This delicious and creamy pumpkin cheesecake is so simple to make. You only need a few ingredients to make this cheesecake, and you can do it all in an Instant Pot!
Pumpkin Cheesecake with a Cookie Crust
Move over pumpkin pie! There’s a new dessert in town. Meet my friend: pumpkin cheesecake. This isn’t your average pumpkin cheesecake either… this is a super tasty and creamy pumpkin spiced cheesecake with an oatmeal cookie crust! And it’s topped with a sweet pumpkin glaze. It’s going to blow all of your other desserts out of the water.
I’m not sure why I’m getting competitive over dessert – because really, you can have it all over the holidays. Have your Pumpkin Pie, Pecan Pie, and apple pie. Just don’t forget this pumpkin cheesecake because it’s the best. Sorry, I can’t help myself! It’s really that good.

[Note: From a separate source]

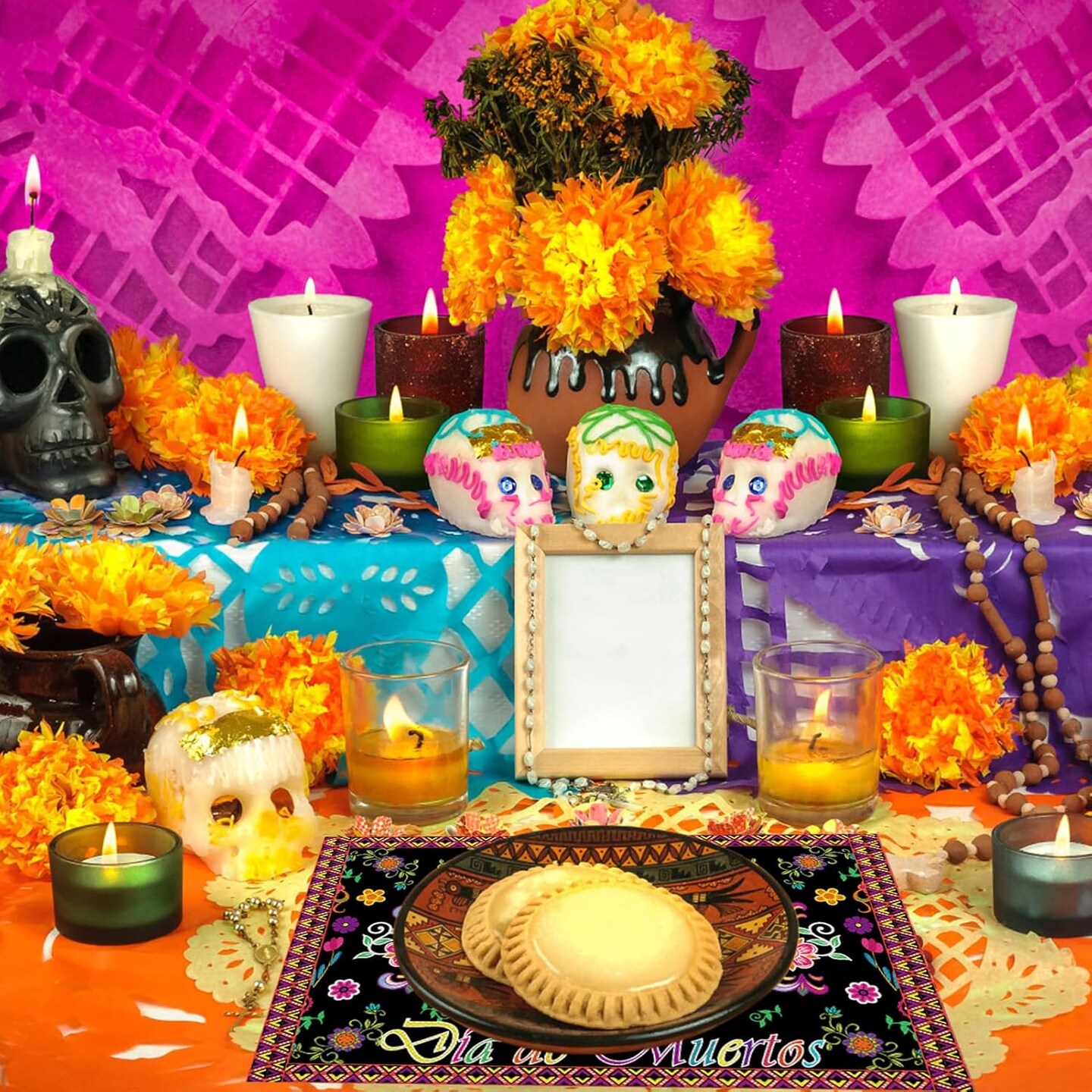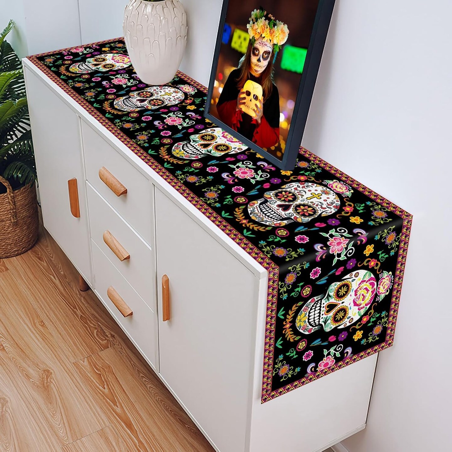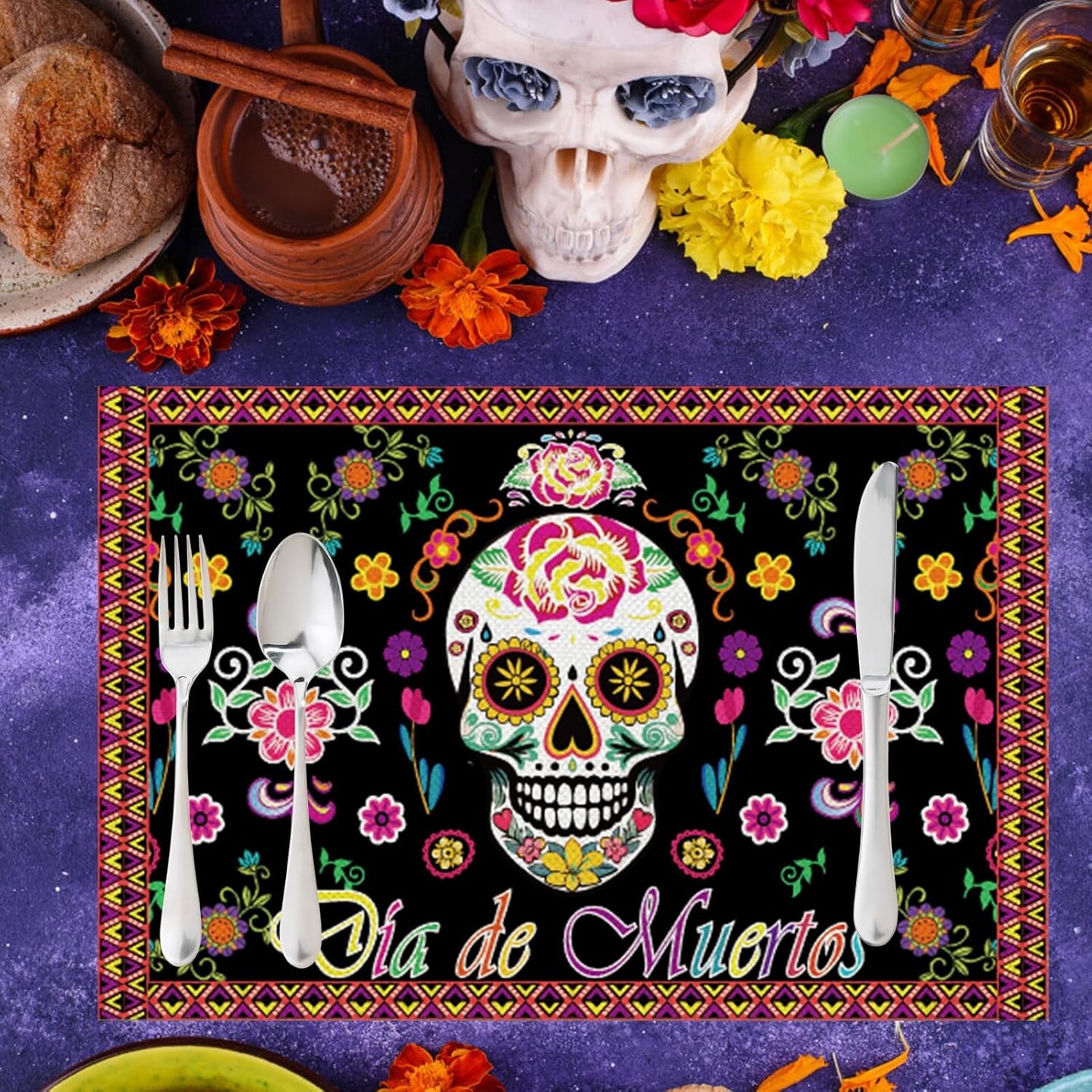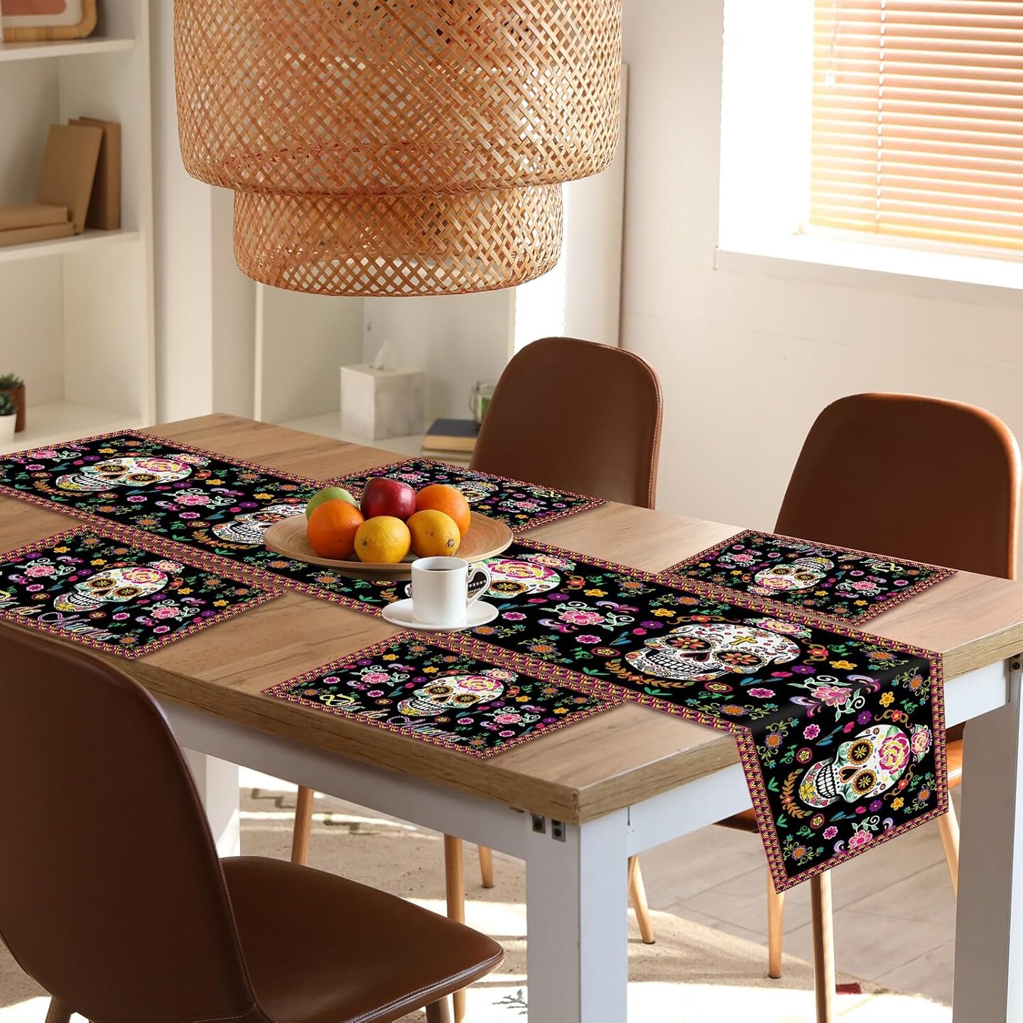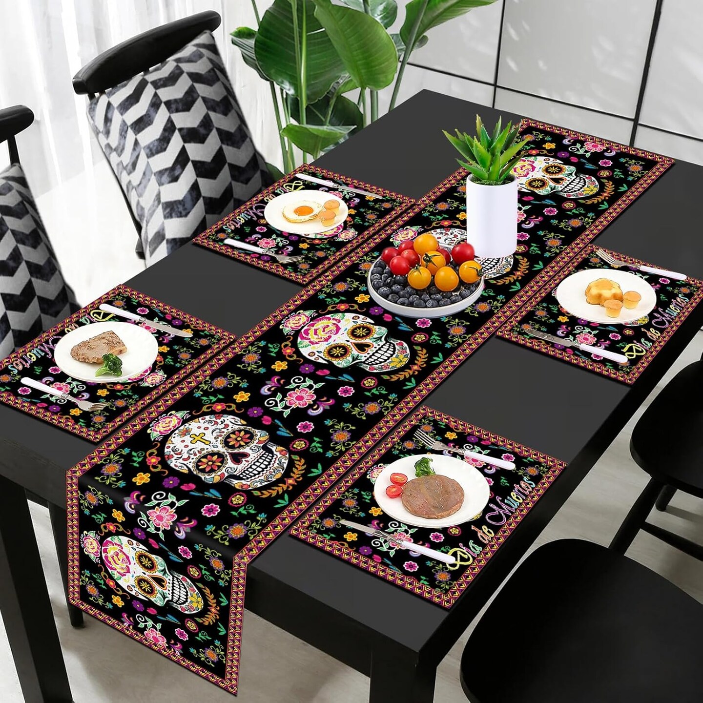 Day of The Dead Table Runner with Day of the Dead Place Mat for Day of the Dead Party Decorations

“Hi Ashley, The Pumpkin Cheesecake was a HUGE hit! My first taste and my eyes got as big as saucers.”
John
Pumpkin Cheesecake Ingredients:
This isn’t your average cheesecake; the two main ingredients that make the base of this cheesecake: yogurt and condensed milk. I know, I know – how can it be cheesecake without cheese?! Well, these two ingredients somehow form the most magical dessert, and it tastes JUST like cheesecake.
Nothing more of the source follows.